**SOURCE MATERIAL**:
---

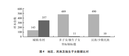 從樣本的地域分布看,農(nóng)村地區(qū)老年人起訴到法院的有357份,占比為71.4%,城鎮(zhèn)地區(qū)老年人起訴到法院的有143份,占比為28.6%。其中,有11份獨(dú)生子女家庭的樣本,在統(tǒng)計(jì)中占比為2.2%,而多子女家庭的有489份,占比97.8%。另外,漢族家庭占比98%與少數(shù)民族家庭占比2%。⑦綜上,可以看出,農(nóng)村地區(qū)案件量大于城市,多子女家庭的贍養(yǎng)糾紛遠(yuǎn)超獨(dú)生子女家庭,漢族家庭起訴的案件遠(yuǎn)多于少數(shù)民族家庭。見(jiàn)圖4。
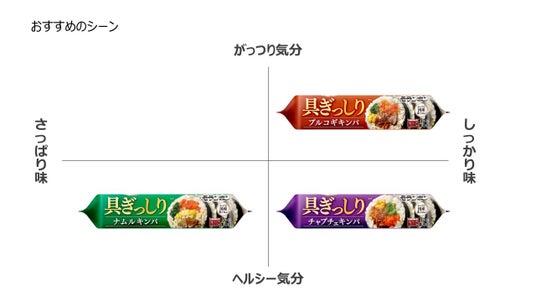 『具ぎっしり プルコギキンパ』『同 ナムルキンパ』『同 チャプチェキンパ』リニューアル発売
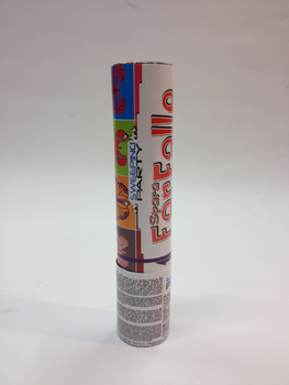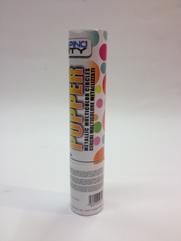 Coriandoli e stelle filanti colorati metallizzati. Funzionamento a molla. Altezza di lancio: 2/3 metri
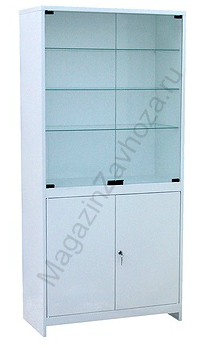 • Две стеклянные двери и три полки в верхней части.

---

**WHAT THIS TASK INVOLVES**:
Set aside the pictures. Then return every line of the material above verbatim.

**RESPONSE TO THE EXERCISE**:
 從樣本的地域分布看,農(nóng)村地區(qū)老年人起訴到法院的有357份,占比為71.4%,城鎮(zhèn)地區(qū)老年人起訴到法院的有143份,占比為28.6%。其中,有11份獨(dú)生子女家庭的樣本,在統(tǒng)計(jì)中占比為2.2%,而多子女家庭的有489份,占比97.8%。另外,漢族家庭占比98%與少數(shù)民族家庭占比2%。⑦綜上,可以看出,農(nóng)村地區(qū)案件量大于城市,多子女家庭的贍養(yǎng)糾紛遠(yuǎn)超獨(dú)生子女家庭,漢族家庭起訴的案件遠(yuǎn)多于少數(shù)民族家庭。見(jiàn)圖4。
 『具ぎっしり プルコギキンパ』『同 ナムルキンパ』『同 チャプチェキンパ』リニューアル発売
 Coriandoli e stelle filanti colorati metallizzati. Funzionamento a molla. Altezza di lancio: 2/3 metri
 • Две стеклянные двери и три полки в верхней части.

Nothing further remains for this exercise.